For the listing below, the answer is an exact retyping of the lines from the one with "Кроме Полины к" through the one with "[100個]日本ケロッグ 粒感しっかり オートミールごはん", both included, without pictures.

====== RECORDS PROVIDED

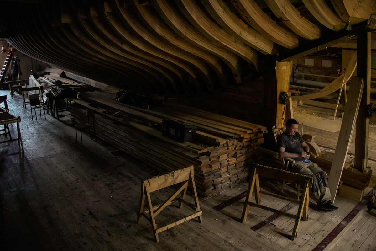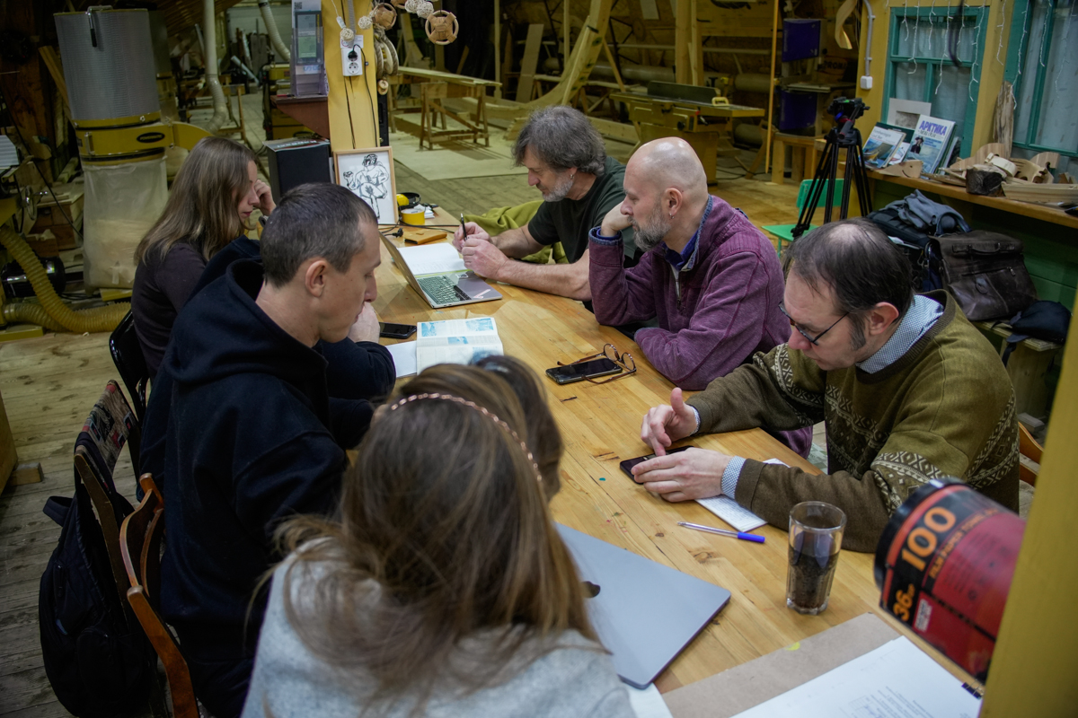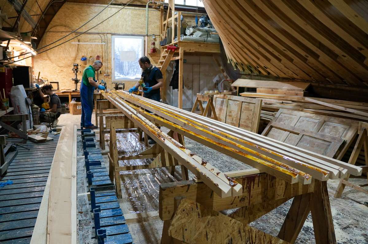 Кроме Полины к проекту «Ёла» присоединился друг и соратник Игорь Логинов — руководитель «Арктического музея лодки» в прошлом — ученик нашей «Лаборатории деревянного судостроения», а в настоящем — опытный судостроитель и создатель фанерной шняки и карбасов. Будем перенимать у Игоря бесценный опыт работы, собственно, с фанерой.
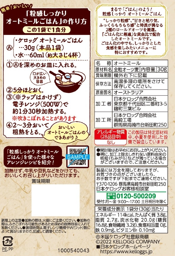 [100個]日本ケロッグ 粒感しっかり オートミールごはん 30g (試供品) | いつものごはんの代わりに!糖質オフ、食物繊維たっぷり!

============
====== RECORDS PROVIDED

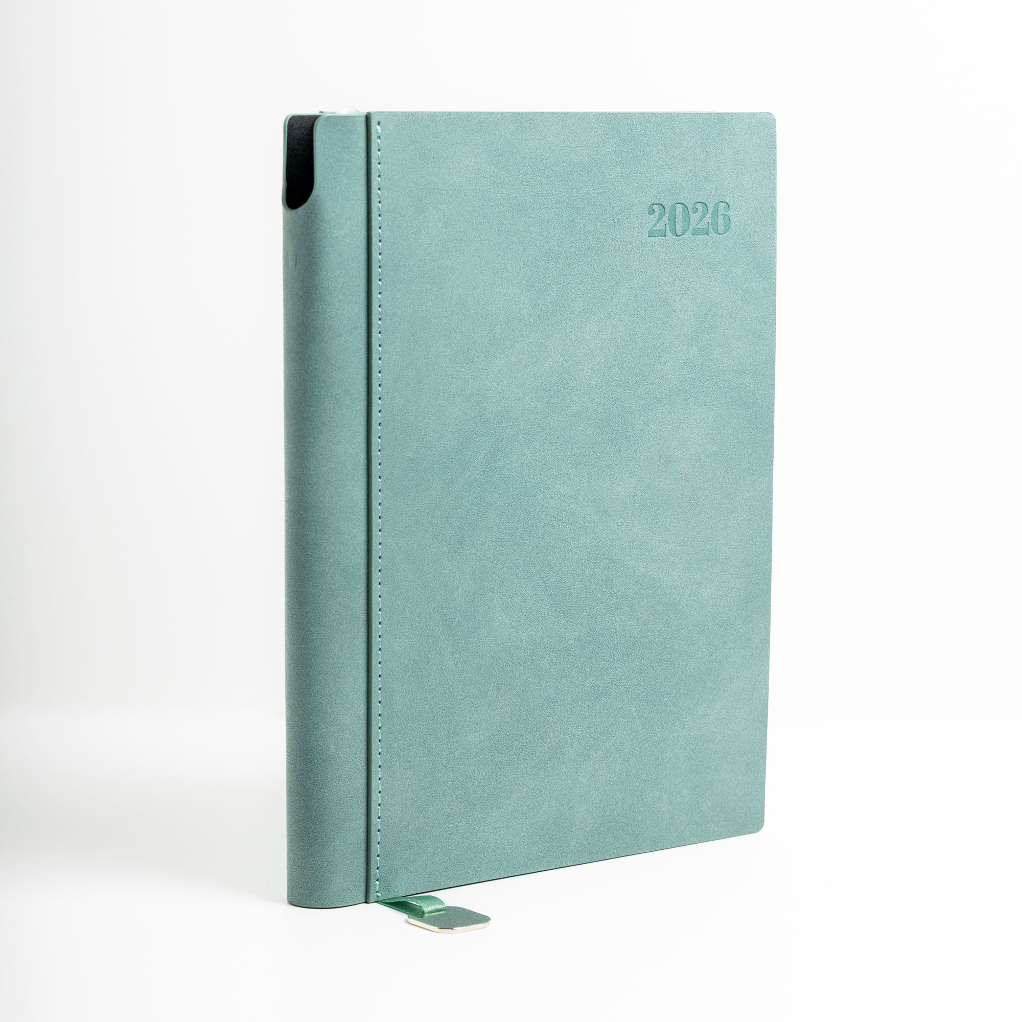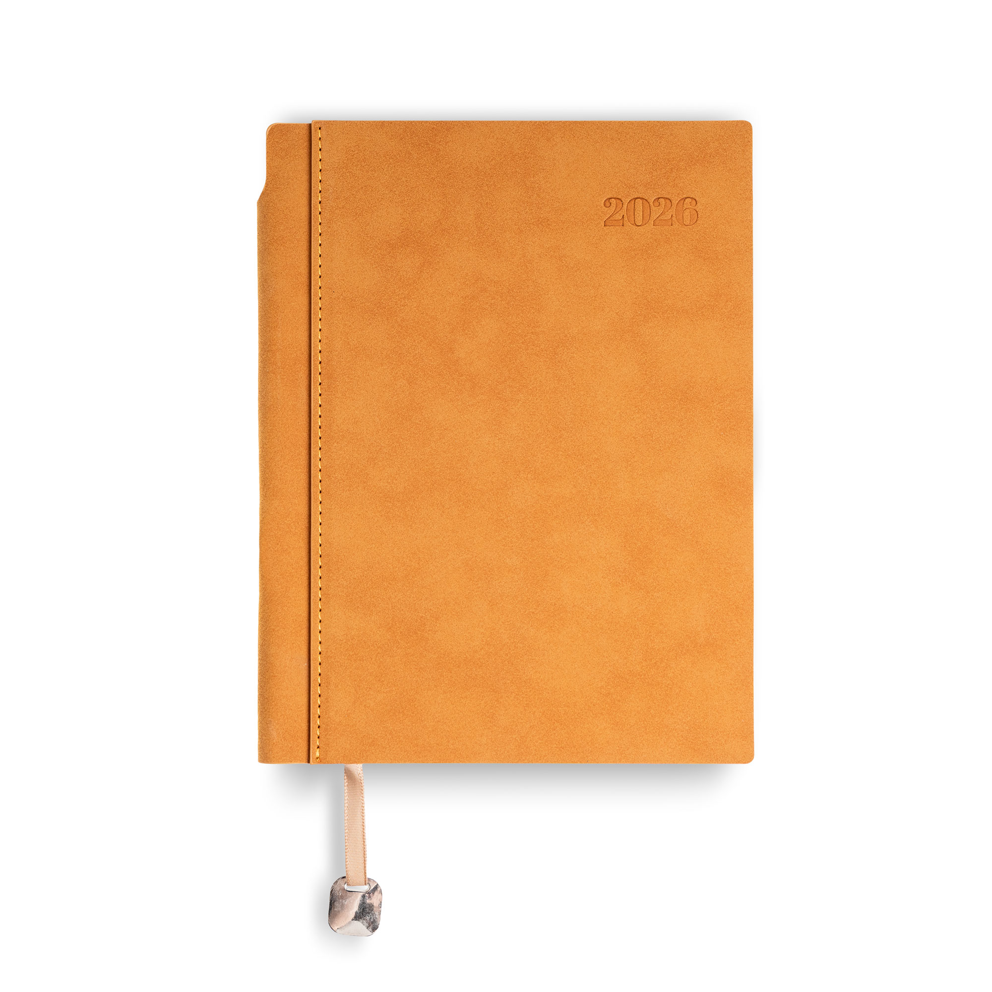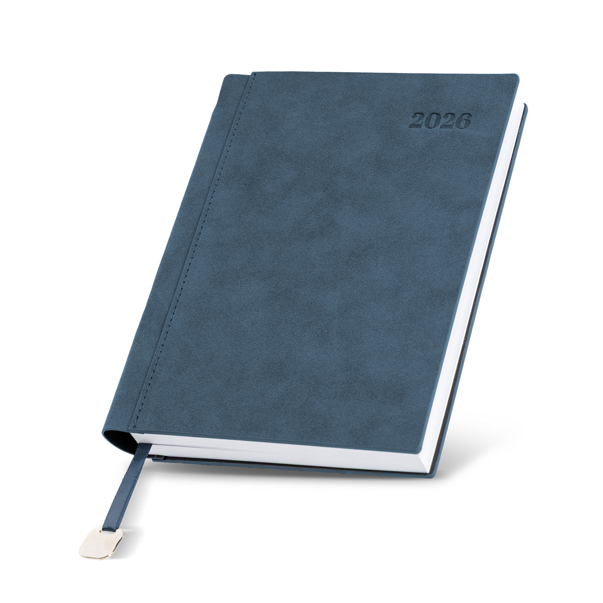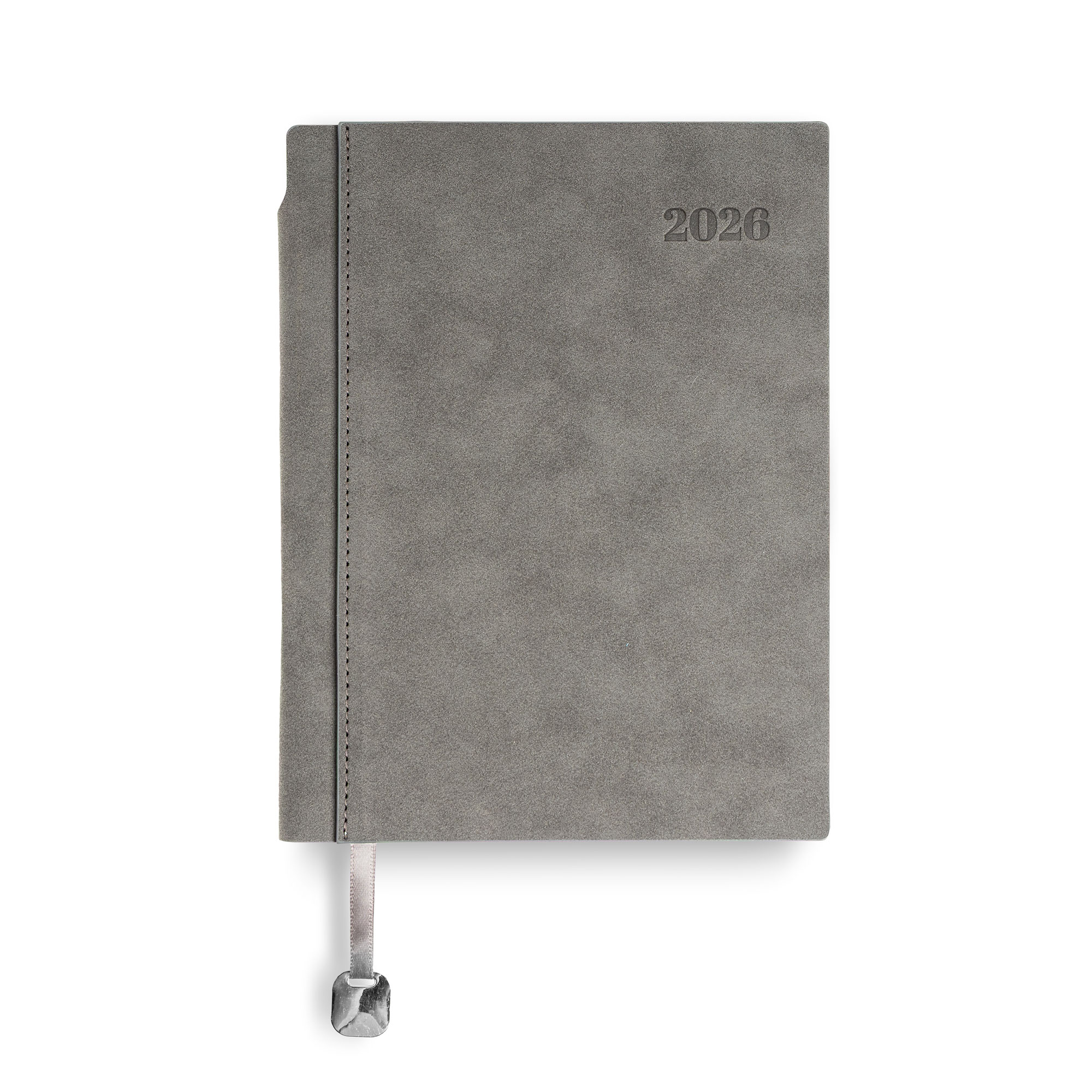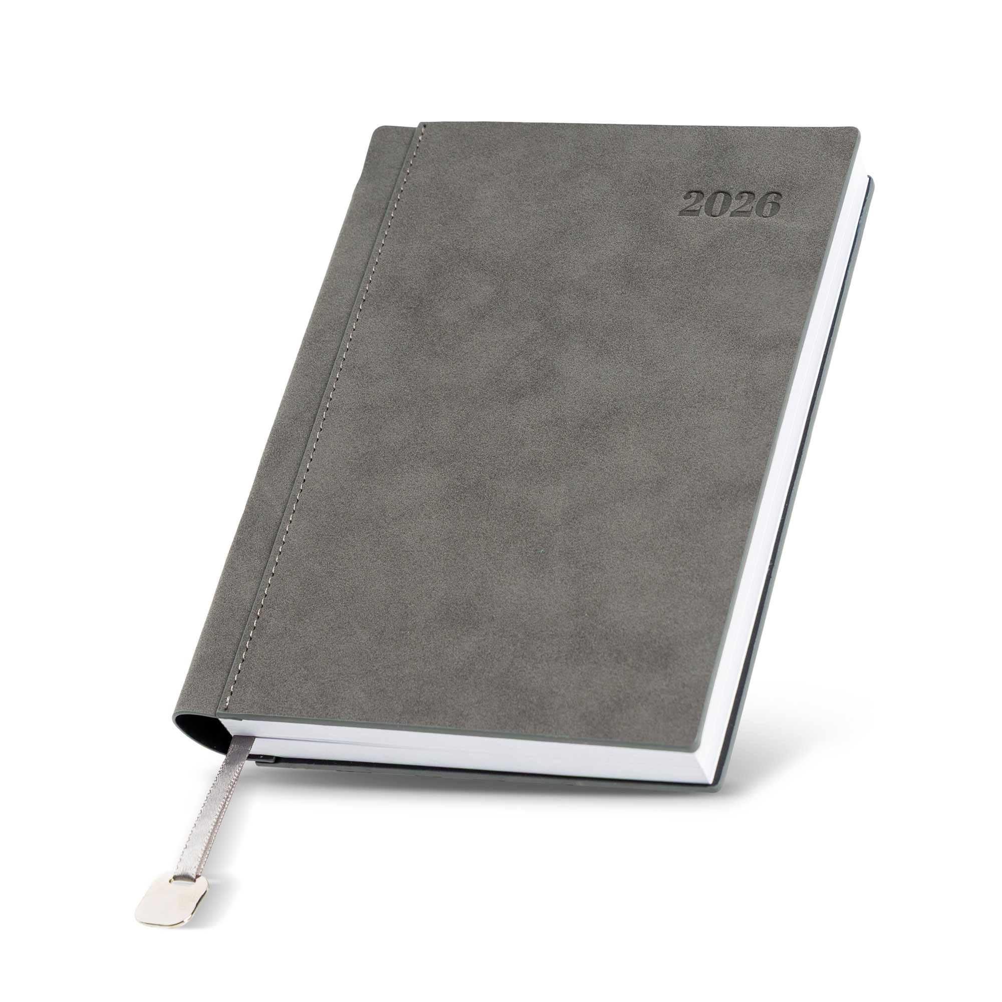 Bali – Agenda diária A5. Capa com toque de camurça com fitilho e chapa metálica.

============

ANSWER TO THE PROBLEM:
 Кроме Полины к проекту «Ёла» присоединился друг и соратник Игорь Логинов — руководитель «Арктического музея лодки» в прошлом — ученик нашей «Лаборатории деревянного судостроения», а в настоящем — опытный судостроитель и создатель фанерной шняки и карбасов. Будем перенимать у Игоря бесценный опыт работы, собственно, с фанерой.
 [100個]日本ケロッグ 粒感しっかり オートミールごはん 30g (試供品) | いつものごはんの代わりに!糖質オフ、食物繊維たっぷり!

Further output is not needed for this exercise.